BEGIN Material for this exercise
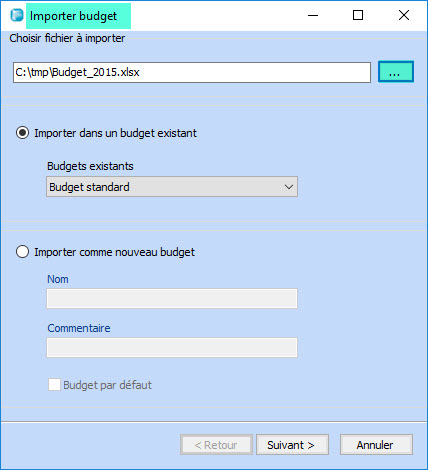 Une importation comme nouveau budget avec des centres de coûts est réalisée de la même manière que l’importation dans un budget existant, décrite ci-dessus. Sélectionnez le bouton radio correspondant. Saisissez un nom approprié pour le nouveau budget et suivez ensuite l'assistant d’importation.
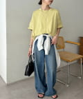 ・定番のデニムはもちろん、トレンドのカラーパンツや柄物のボトムスとも相性抜群。タックインして着こなすと、すっきりとした印象で着用いただけます。
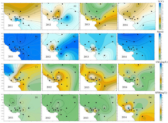 As shown in Figure 3, SST showed an overall trend of being high in the south of the estuary and being low in the north; SST in estuarine waters was generally higher than offshore, among which, the average SST in 2013 was the lowest in four years. The gradient of SSS change in 2011 and 2014 was small, the average value of SSS at each station was around 29, and an obvious low–salinity area was formed in the northern part of the estuary in 2012 and 2013. From 2011 to 2013, the Chl–a concentration showed a trend of high estuary and low offshore and mostly formed a high value area in the northern part of the estuary, with the average Chl–a concentration of each station exceeding 3.5 µg/L; in 2014, the Chl–a concentration in the estuary was lower than offshore, with the average concentration of each station being only 2.5 µg/L: the lowest in four years. From 2011 to 2013, the gradient of SPM concentration was low, with the average concentration at each station fluctuating between 8.65 and 13.96 mg/L; in 2014, high values were formed in the northwest and southeast of the estuary, and the average concentration at each station was the highest in four years, with a value of about 25 mg/L. The pH concentration showed an overall trend of high estuarine waters and low offshore waters, with the average pH value of each station being the lowest in 2014 and the highest in 2011. The overall DO concentration in the northern part of the estuary was higher than that in the southern part of the estuary; high-value areas were formed in the eastern, western, and northwestern parts of the estuary from 2011 to 2013, respectively. The gradient of DO change in 2014 was small, and the DO concentration of each station fluctuated between 8.18 and 9.05mg/L (Figure 3, Table 1).
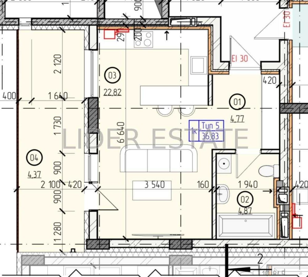 • Общая площадь 37 м2
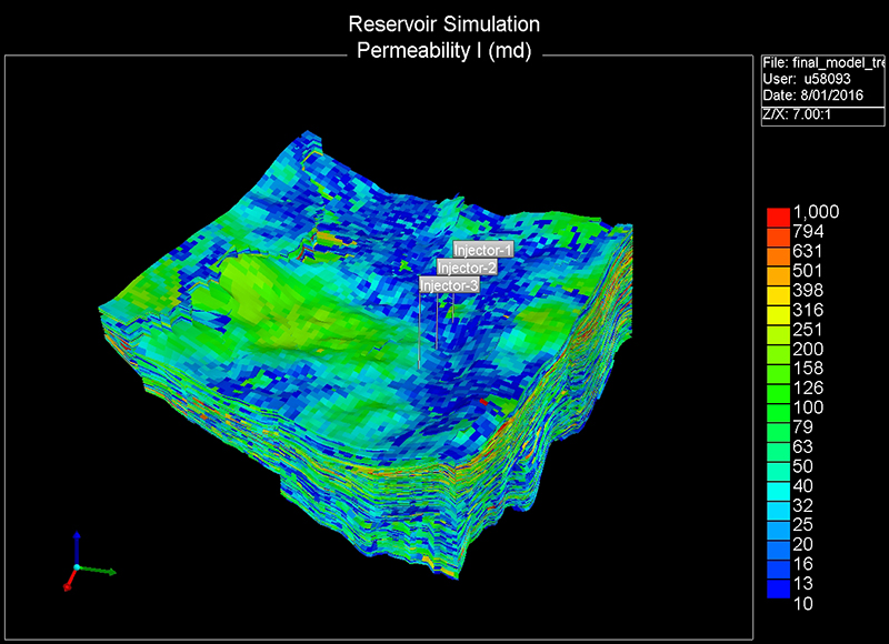 Horizontal permeability values (scale in millidarcies; logarithmic scale) in the upper Latrobe Group reservoir simulation model.
END Material for this exercise
* _Instructions for the task_
Please copy the records above word for word, omitting every picture.

* _Exercise result_
 Une importation comme nouveau budget avec des centres de coûts est réalisée de la même manière que l’importation dans un budget existant, décrite ci-dessus. Sélectionnez le bouton radio correspondant. Saisissez un nom approprié pour le nouveau budget et suivez ensuite l'assistant d’importation.
 ・定番のデニムはもちろん、トレンドのカラーパンツや柄物のボトムスとも相性抜群。タックインして着こなすと、すっきりとした印象で着用いただけます。
 As shown in Figure 3, SST showed an overall trend of being high in the south of the estuary and being low in the north; SST in estuarine waters was generally higher than offshore, among which, the average SST in 2013 was the lowest in four years. The gradient of SSS change in 2011 and 2014 was small, the average value of SSS at each station was around 29, and an obvious low–salinity area was formed in the northern part of the estuary in 2012 and 2013. From 2011 to 2013, the Chl–a concentration showed a trend of high estuary and low offshore and mostly formed a high value area in the northern part of the estuary, with the average Chl–a concentration of each station exceeding 3.5 µg/L; in 2014, the Chl–a concentration in the estuary was lower than offshore, with the average concentration of each station being only 2.5 µg/L: the lowest in four years. From 2011 to 2013, the gradient of SPM concentration was low, with the average concentration at each station fluctuating between 8.65 and 13.96 mg/L; in 2014, high values were formed in the northwest and southeast of the estuary, and the average concentration at each station was the highest in four years, with a value of about 25 mg/L. The pH concentration showed an overall trend of high estuarine waters and low offshore waters, with the average pH value of each station being the lowest in 2014 and the highest in 2011. The overall DO concentration in the northern part of the estuary was higher than that in the southern part of the estuary; high-value areas were formed in the eastern, western, and northwestern parts of the estuary from 2011 to 2013, respectively. The gradient of DO change in 2014 was small, and the DO concentration of each station fluctuated between 8.18 and 9.05mg/L (Figure 3, Table 1).
 • Общая площадь 37 м2
 Horizontal permeability values (scale in millidarcies; logarithmic scale) in the upper Latrobe Group reservoir simulation model.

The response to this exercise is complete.